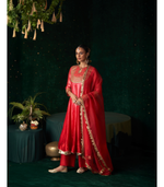 A vibrant red straight Anarkali with keyhole neckline, featuring a beautifully crafted Ikkat yoke elevated with intricate Gota, Threads, Aari and Mirror work. The flat silk Palazzo adds graceful volume...
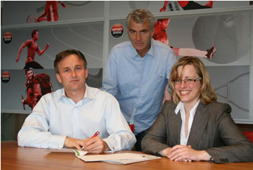Foto: v.l.n.r.: Jan van der Wouw ( directeur Sport 2000), Dirk Vermeij (manager franchise Sport 2000), Lisa De Jong ( sales manager XRC services) |
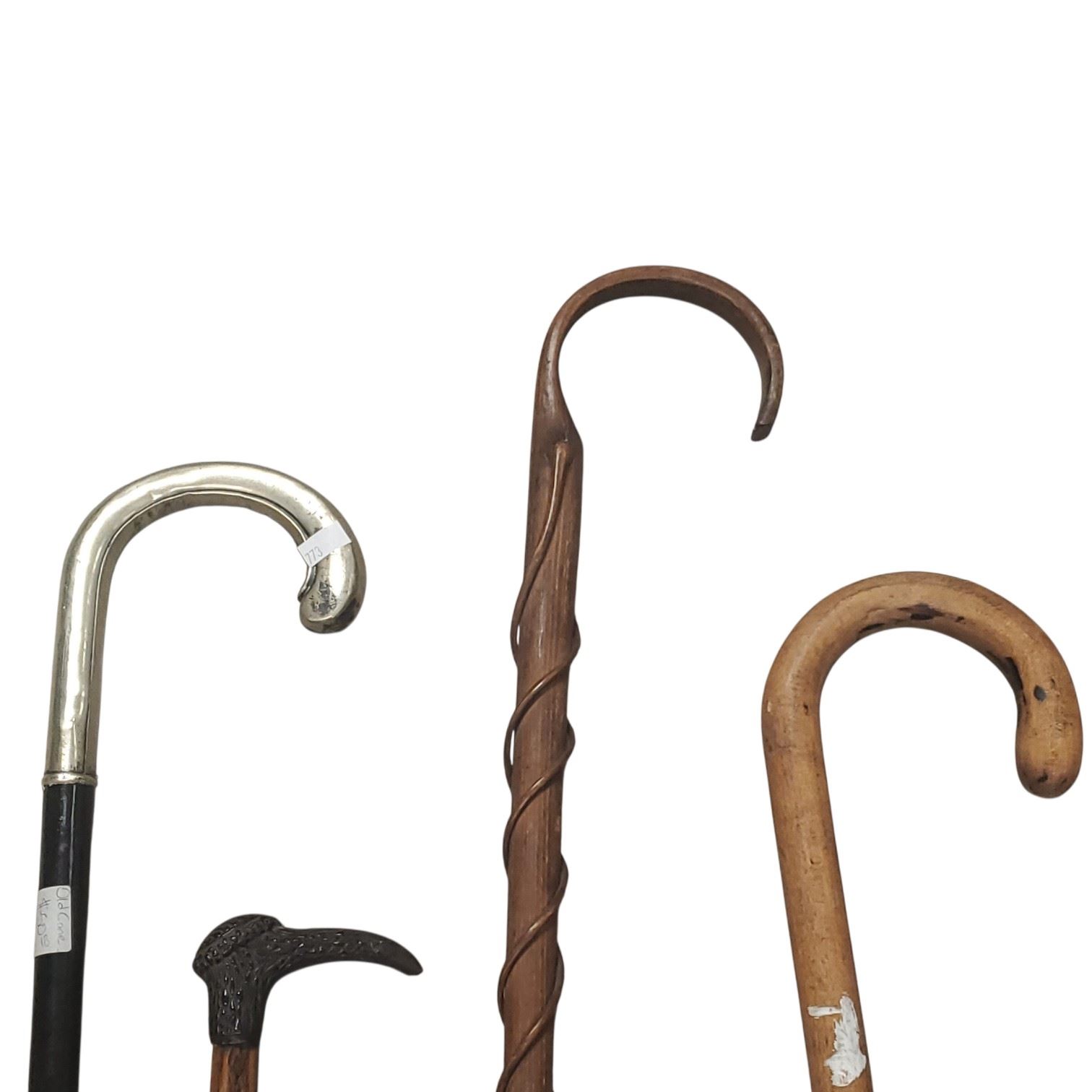 Set of 7 walking sticks and canes, vintage and antique examples. Includes various designs and materials, showcasing craftsmanship from differing eras. Item is as pictured.
───
**PROBLEM DETAILS**. Pictures are to be dropped, and the remaining data set down exactly.

**SOLUTION TO THIS PROBLEM**.
 A vibrant red straight Anarkali with keyhole neckline, featuring a beautifully crafted Ikkat yoke elevated with intricate Gota, Threads, Aari and Mirror work. The flat silk Palazzo adds graceful volume...
Foto: v.l.n.r.: Jan van der Wouw ( directeur Sport 2000), Dirk Vermeij (manager franchise Sport 2000), Lisa De Jong ( sales manager XRC services) |
 Set of 7 walking sticks and canes, vintage and antique examples. Includes various designs and materials, showcasing craftsmanship from differing eras. Item is as pictured.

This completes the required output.